_EXTRACTED DATA_
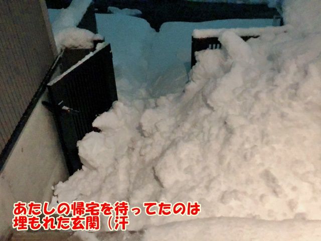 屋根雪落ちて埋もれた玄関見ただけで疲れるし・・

--

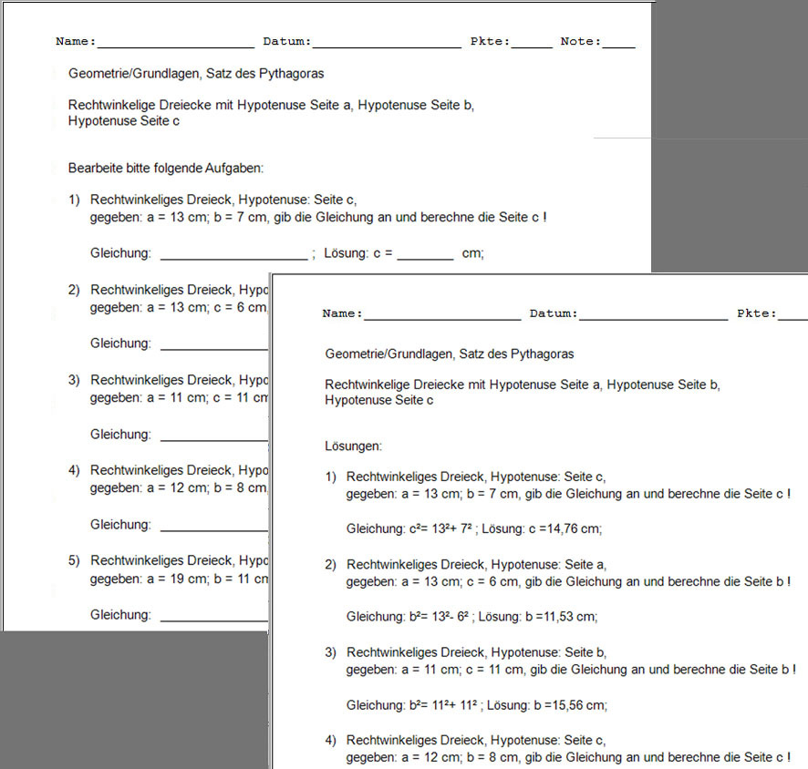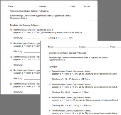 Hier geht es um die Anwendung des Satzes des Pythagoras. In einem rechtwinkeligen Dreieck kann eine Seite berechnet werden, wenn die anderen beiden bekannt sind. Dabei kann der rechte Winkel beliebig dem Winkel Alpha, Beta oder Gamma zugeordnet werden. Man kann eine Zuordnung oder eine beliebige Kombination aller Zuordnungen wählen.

* * *

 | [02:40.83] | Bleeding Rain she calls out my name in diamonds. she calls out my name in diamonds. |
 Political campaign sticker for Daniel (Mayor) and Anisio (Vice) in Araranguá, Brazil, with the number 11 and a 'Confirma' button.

_TASK TO CARRY OUT_
Scan the lines above for "in diamonds. |" and for "Political campaign sticker". Repeat exactly the line holding each of them and every line in between.

_RESULT_
 | [02:40.83] | Bleeding Rain she calls out my name in diamonds. she calls out my name in diamonds. |
 Political campaign sticker for Daniel (Mayor) and Anisio (Vice) in Araranguá, Brazil, with the number 11 and a 'Confirma' button.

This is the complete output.